BRIEF> Each line below must be reproduced exactly as it stands. Pictures stay out of the copy.

MATERIAL FOR THIS TASK>
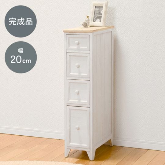 ローチェスト 4段 引き出し アンティーク 完成品 ホワイト
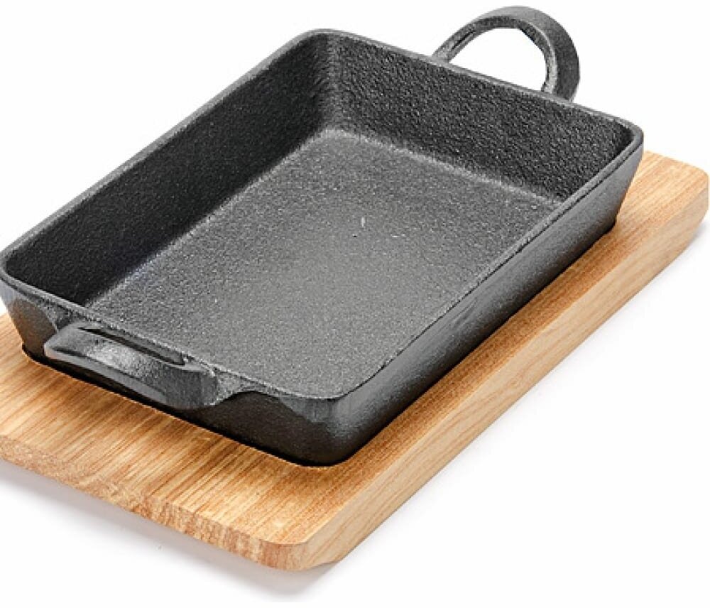 Купить Сковорода 16*11,5см чугунная с деревянной подставкой МВ 26799
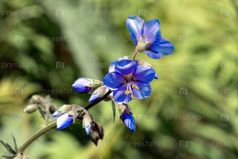 Ветка борвинок с цветами на фоне травы на свету
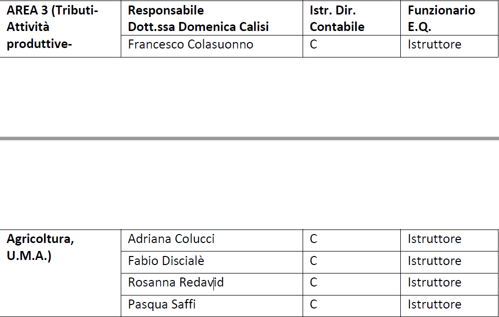 Organigramma Area 3 (Tributi, Attività produttive, Agricoltura, U.M.A.)
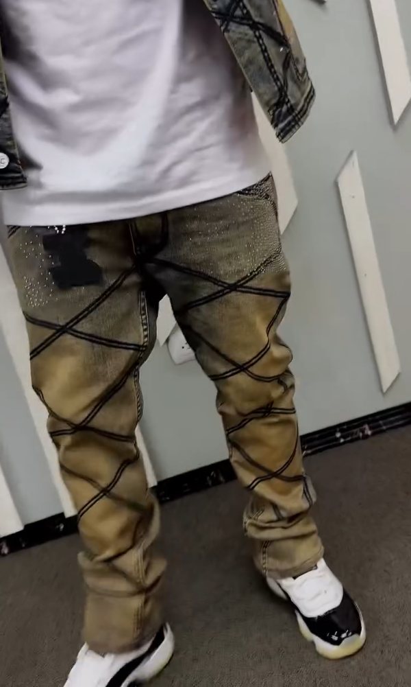 Men's Distressed Denim Rhinestone Jacket & Trousers Set
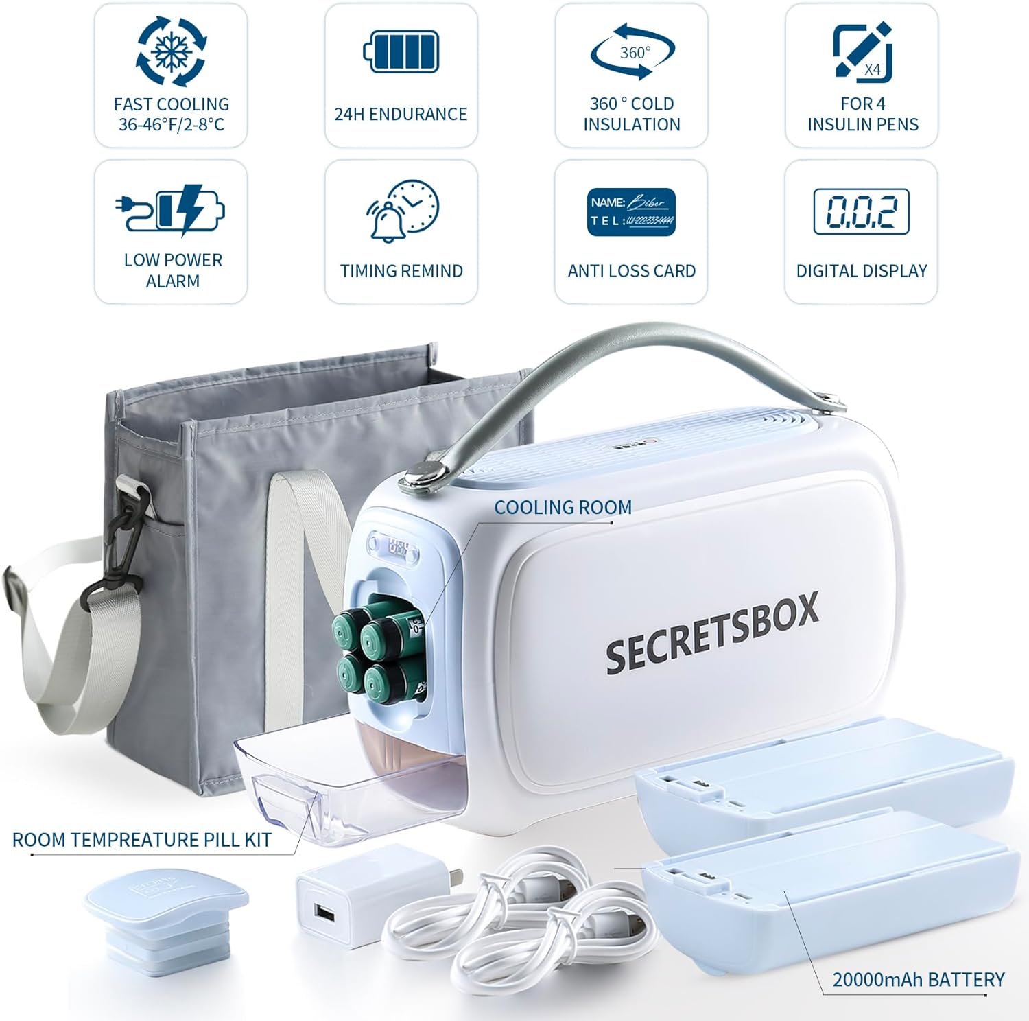 - 【Portable Handbag and Multifunctional Digital Display 】The new designed insulin cooing case equipped with digital display that shows the inner temperature in real time and remaining power, also allow you to set a alarming to remind you to eat half an hour later after insulin injection. Anti-loss card,you can put your information on it. Hand strap allow you to take it up and down. Portable bag can be carried on shoulder or back. Fashionable in appearance and useful for privacy protection
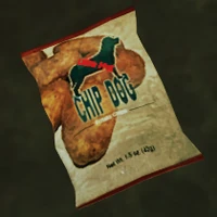 Snack appears to be a bag of processed potato chips called Chip Dog.
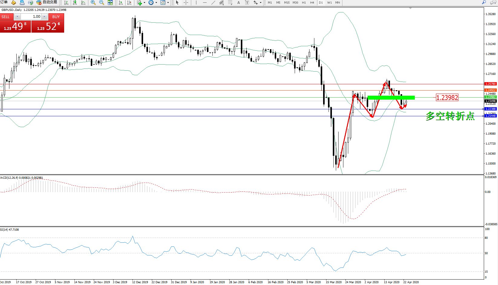 交易策略:1.23982下方看跌,目标1.22388、1.21448
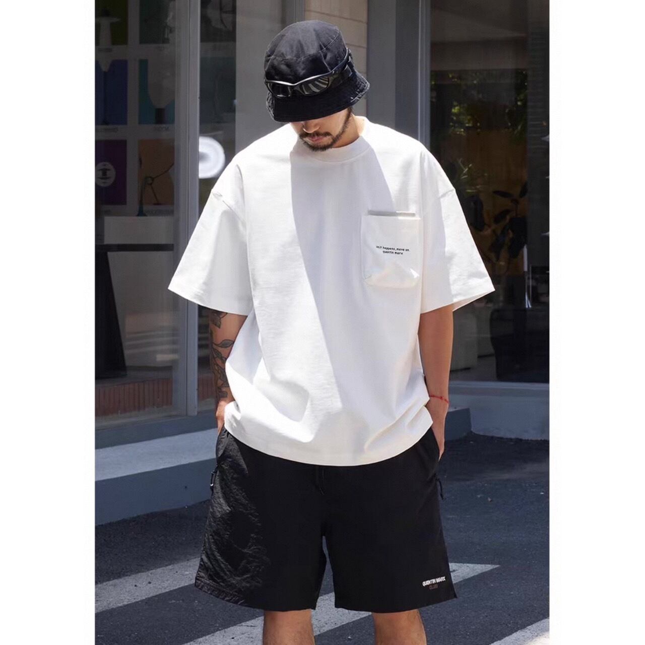 帽子やサングラスなどの小物と合わせて、シンプルながらも完成度の高いコーデに仕上がります。
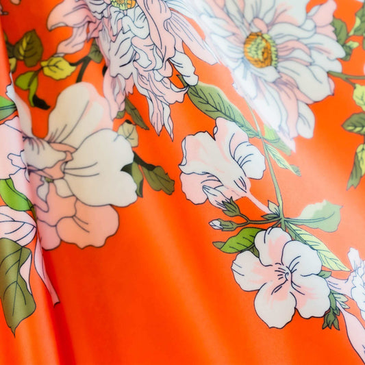 Eșarfă damă din satin cu imprimeu floral, 55 x 55 cm - Roșu
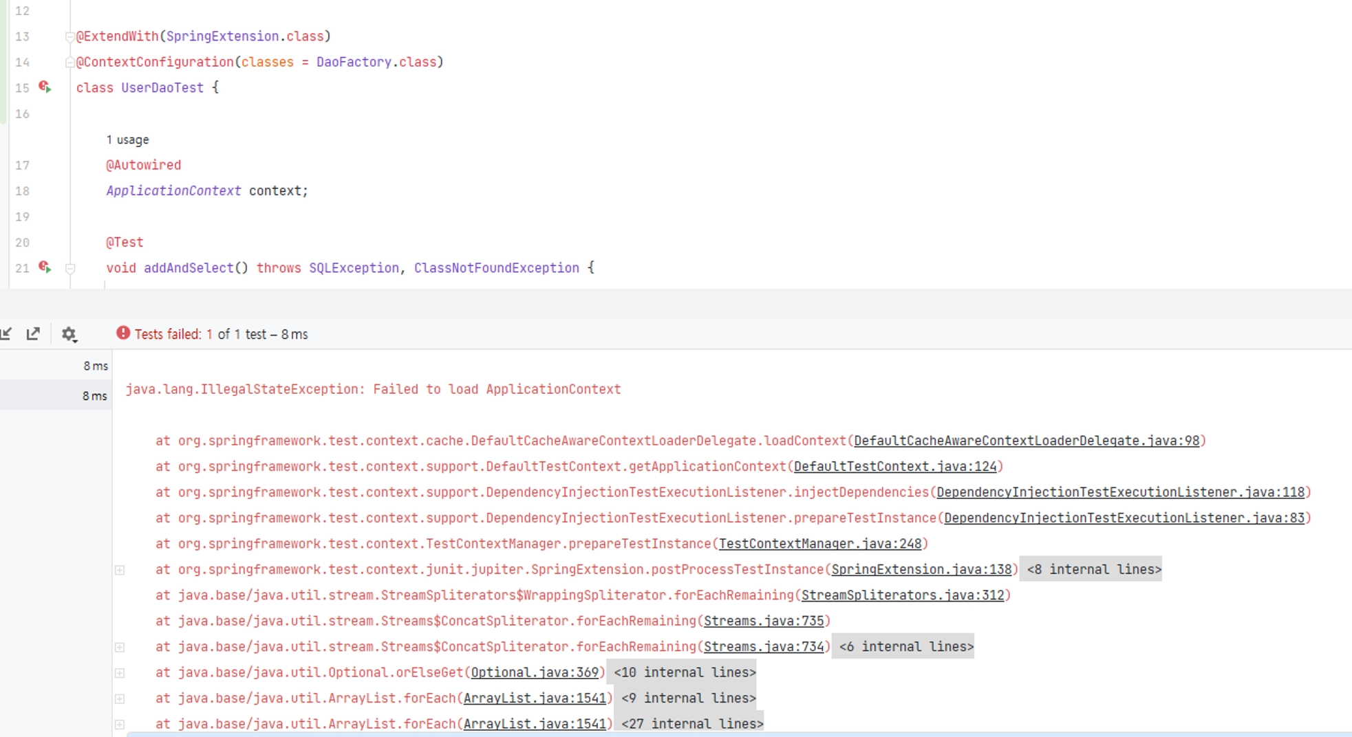 DaoFactory 클래스에 DataSource를 적용하기 위해 ConnectionMaker를 사용하던 기존의 방법을 수정하였다. 그 후 Test 코드를 실행했고 다음과 같은 에러메시지를 받았다.

TASK OUTPUT>
 ローチェスト 4段 引き出し アンティーク 完成品 ホワイト
 Купить Сковорода 16*11,5см чугунная с деревянной подставкой МВ 26799
 Ветка борвинок с цветами на фоне травы на свету
 Organigramma Area 3 (Tributi, Attività produttive, Agricoltura, U.M.A.)
 Men's Distressed Denim Rhinestone Jacket & Trousers Set
 - 【Portable Handbag and Multifunctional Digital Display 】The new designed insulin cooing case equipped with digital display that shows the inner temperature in real time and remaining power, also allow you to set a alarming to remind you to eat half an hour later after insulin injection. Anti-loss card,you can put your information on it. Hand strap allow you to take it up and down. Portable bag can be carried on shoulder or back. Fashionable in appearance and useful for privacy protection
 Snack appears to be a bag of processed potato chips called Chip Dog.
 交易策略:1.23982下方看跌,目标1.22388、1.21448
 帽子やサングラスなどの小物と合わせて、シンプルながらも完成度の高いコーデに仕上がります。
 Eșarfă damă din satin cu imprimeu floral, 55 x 55 cm - Roșu
 DaoFactory 클래스에 DataSource를 적용하기 위해 ConnectionMaker를 사용하던 기존의 방법을 수정하였다. 그 후 Test 코드를 실행했고 다음과 같은 에러메시지를 받았다.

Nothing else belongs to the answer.